NCQ (Native Command Queuing) and TCQ (Tagged Command Queuing) Explained
By Gabriel Torres on April 16, 2006


Introduction

NCQ (Native Command Queuing) and TCQ (Tagged Command Queuing) are features created to improve the hard disk performance by re-ordering the commands sent by the computer to the hard disk drive. In this tutorial we will explain how both NCQ and TCQ work, the difference between them and some performance data.

NCQ was introduced with Serial ATA II, the same standard that introduced the new maximum transfer rate of 300 MB/s for Serial ATA, being targeted to mainstream hard disk drives. TCQ was introduced with SCSI2 and also adopted by ATA-4 standard (a.k.a. ATA/100), however only a very few ATA/100 hard drives adopted it (while it is very common to be found on SCSI hard drives). TCQ is targeted to server- and enterprise-level hard disk drives.

To use NCQ or TCQ, both the hard disk port and the hard disk drive must support the standard. So, if you have a NCQ hard disk drive port (the Serial ATA II ports on motherboards based on newer chipsets, for instance) but install a hard disk drive without this feature, you won’t see any performance improvement.

Command Queuing features improve the performance of the hard disk drive when the PC sends a series of commands to read sectors distant from each other. The hard disk drive takes these commands and reorders them, in order to read the maximum possible data at just one rotation of the disc.
Consider Figure 1. The PC asked the hard disk drive to read A, B, C and D positions of the disc. Without any Command Queuing feature, the hard disk drive will take two and a half spins of the disc to read all requested data (yellow line). With Command Queuing, the hard disk drive will reorder the commands to B, D, A and C, taking only one disc spin to read all requested data (orange line).

NCQ
click to enlarge
Figure 1: How command queuing works.

NCQ can deal with up to 32 commands at a time, while TCQ can deal with up to 216 commands (TCQ hard disk drives, however, can usually support a queue of “only” 64 commands). TCQ also has two extra features over NCQ: the initiator (the PC, i.e., the SCSI-2 port or the ATA/100 port) can specify commands to be executed in the same order sent to the hard disk drive; and the initiator can send a high-priority command that will be executed before all other commands found in the queue.

Performance

We made some basic benchmarking using a NCQ-capable Serial ATA hard disk drive (Seagate ST3160023AS, 160 GB) with PC using the following configuration: 3.2 GHz Pentium 4, 1 GB RAM, GeForce 6800 VGA and Intel motherboard. We ran two programs, PCMark04 and IOMeter, with NCQ disabled and then enabled.

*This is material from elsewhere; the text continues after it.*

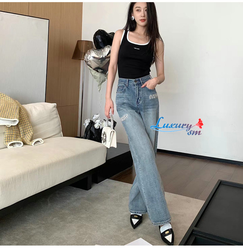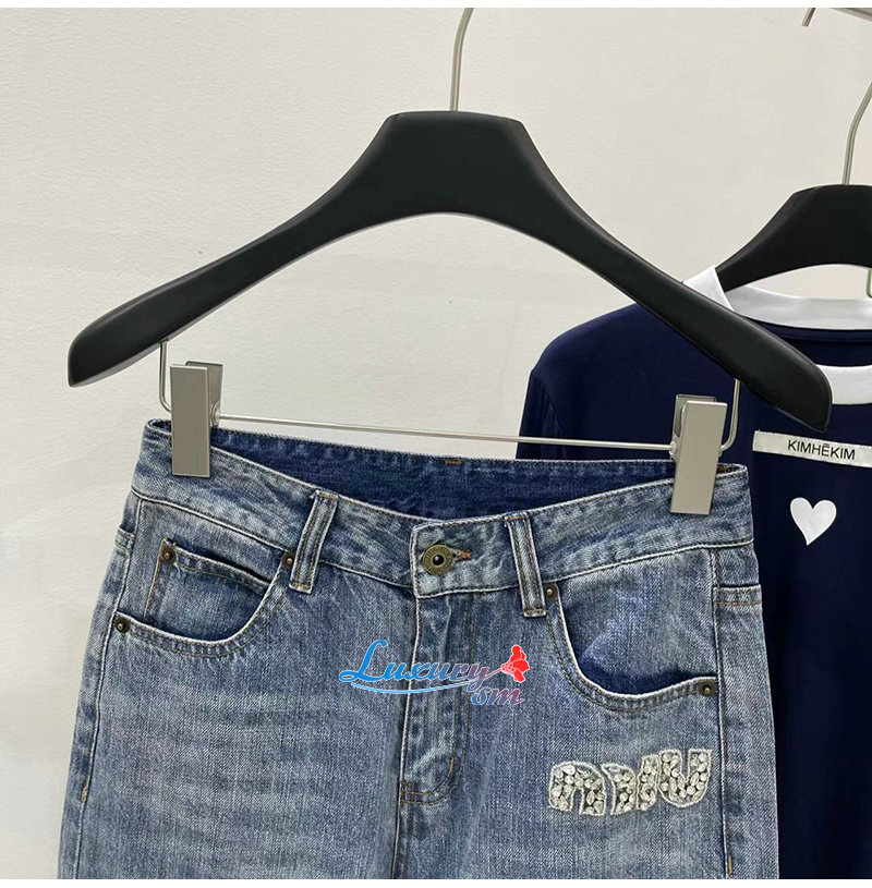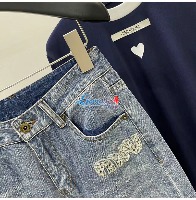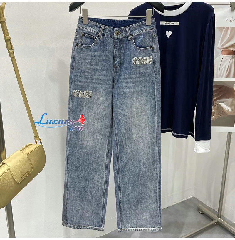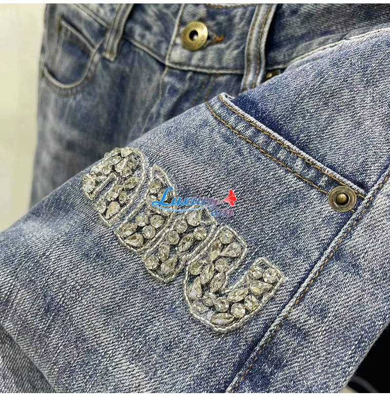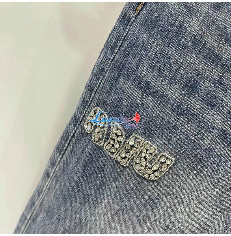 MIUMIU-09174 미우미우 블루 크티스탈 장식 청바지 여성용

The results achieved with PCMark04 were the following: HDD Usage increased from 5,978 MB/s to 6,112 MB/s, an increase of only 2.24%. Windows XP loading time performance (XP startup) improved 9.76%, jumping from 8,947 MB/s to 9,821 MB/s.

The hard disk performance with IOMeter with NCQ disabled was 119 (a proprietary unit), jumping to 142 when we enabled NCQ, a 19.32% performance improvement. Not bad at all.

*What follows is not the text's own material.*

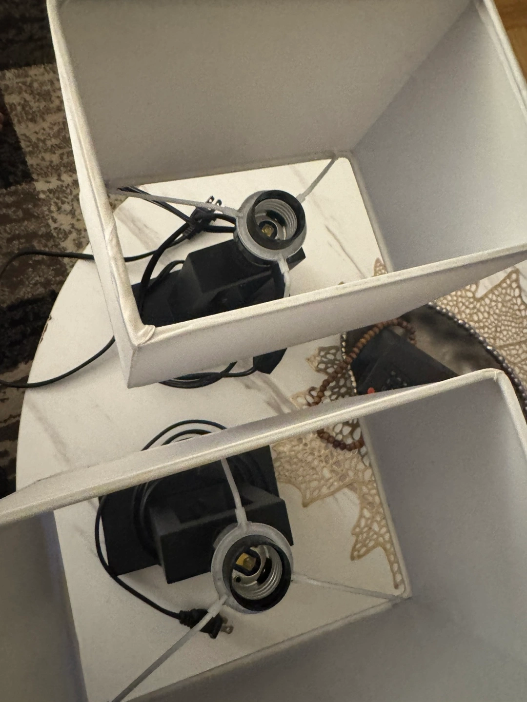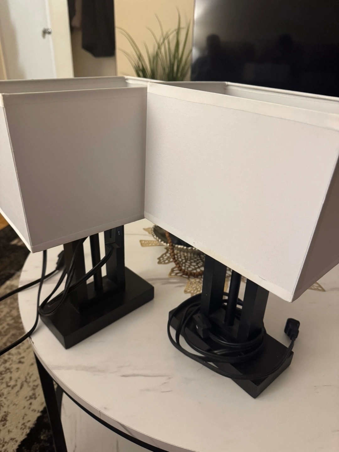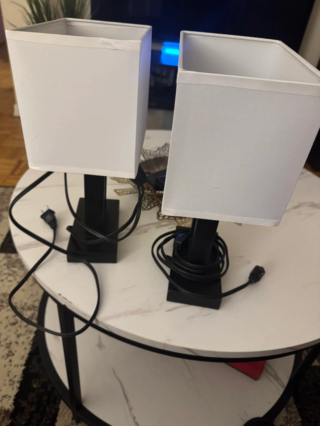 50Two matching table lamps. Black bases, simple design. White fabric shades. Electric plug-in. Great for bedside tables or as accent lighting.10 $ each

The performance difference between IOMeter and PCMark04 is easily explained. NCQ feature only improves the hard disk drive performance when it receives a series of out-of-order commands. It was very likeable that PCMark04 hard disk performance benchmarking used a series of sequential – i.e., in-order – commands, while IOMeter used a random workload, hence the better results on this program. Notice how Windows XP loading time – which loads files stored in several different positions of the hard drive – measured by PCMark04 improved considerably.